Within the next few months, Nestle’s permit to take water from the Aberfoyle area will expire.

The bottled water giant is seeking a 10-year renewal of that permit, which currently allows them to take about 2,500 litres of water per minute from the Grand River watershed.

Adreanne Simard, the company’s natural resources manager, says Nestle typically only takes in about 60 per cent of that volume, and won’t be seeking to increase its cap.

She says the current intake represents about 0.6 per cent of all water drawn from the watershed.

“The demand is increasing for us, and we want to supply that to the consumer – but we also want to maintain the health of the aquafer,” she said in an interview.

Environmental advocacy groups like the Wellington Water Watchers have long opposed the bottled water industry.

“We think it’s a poor use of public water,” said Mike Nagy of the Wellington Water Watchers.

“We’re not necessarily trying to stop this renewal, but there are lots of questions about this aquifer.”

Nestle has operated its plant in the Aberfoyle area since 2000.

The company has 80 monitoring sites on and off that property, including on nearby private wells.

Simard says nothing has been found at those sites to suggest an adverse impact on the watershed.

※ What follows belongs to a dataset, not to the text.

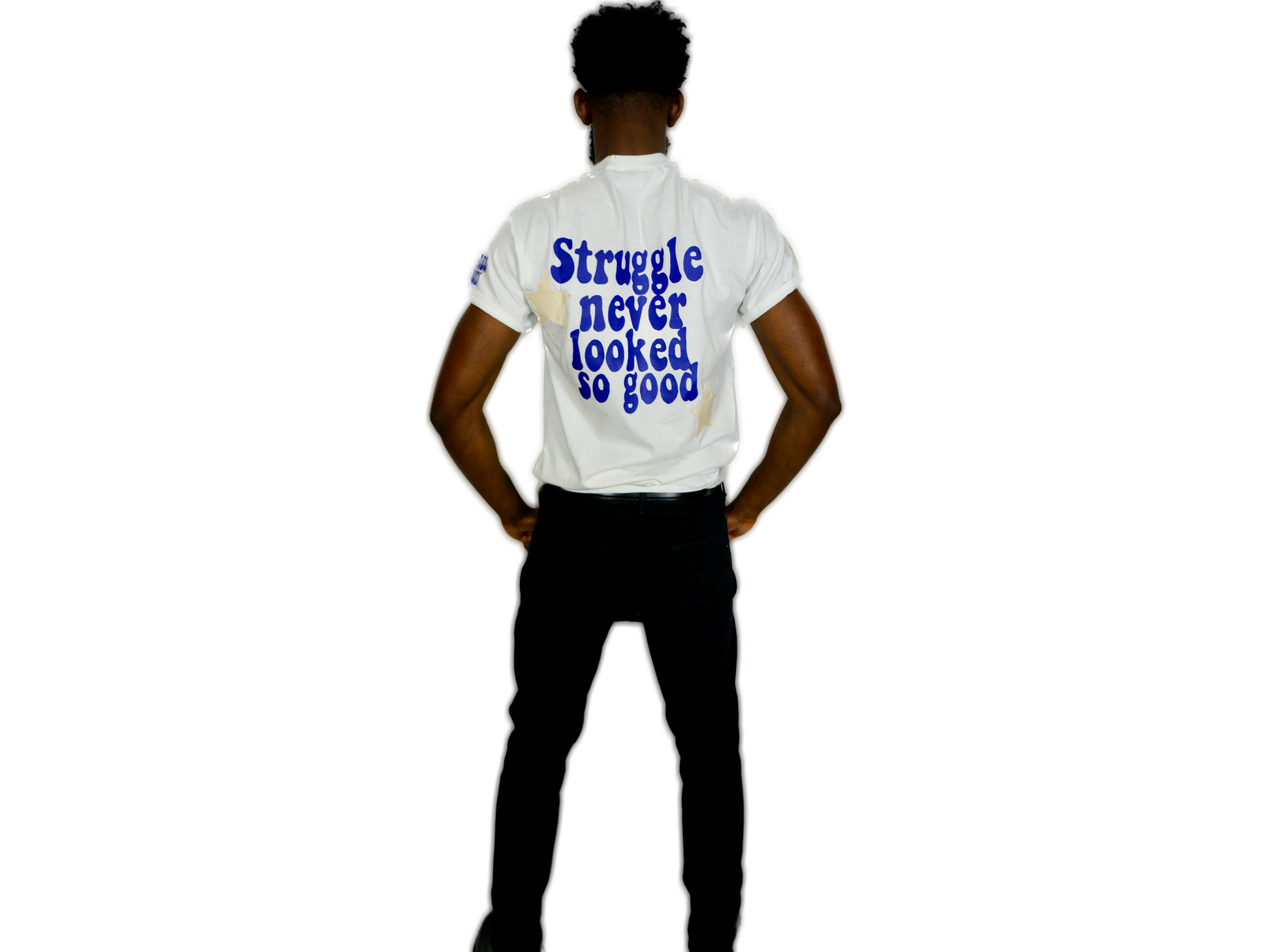 Introducing the "Struggle never looked so Good" tee , a symbol of beauty in the struggle. Featuring “Witnessing greatness” on the front and “Struggle never looked so good” on the back, this tee is a reminder that each step brings you closer to success. With sewn star detailing and puppets on the sleeves, this tee reflects the journey of striving for greatness. Embrace the struggles and witness greatness with this statement tee.

“We have 15 years’ worth of data … that shows that the long-term sustainability of the aquafer is not impacted by our operation,” she said.

Nagy says 15 years isn’t that long of a term when it comes to the lifespan of an entire watershed.

“If you keep pumping for so long, you’re going to run out of water,” he said.

Nestle filed its application to renew its water-taking permit earlier this week.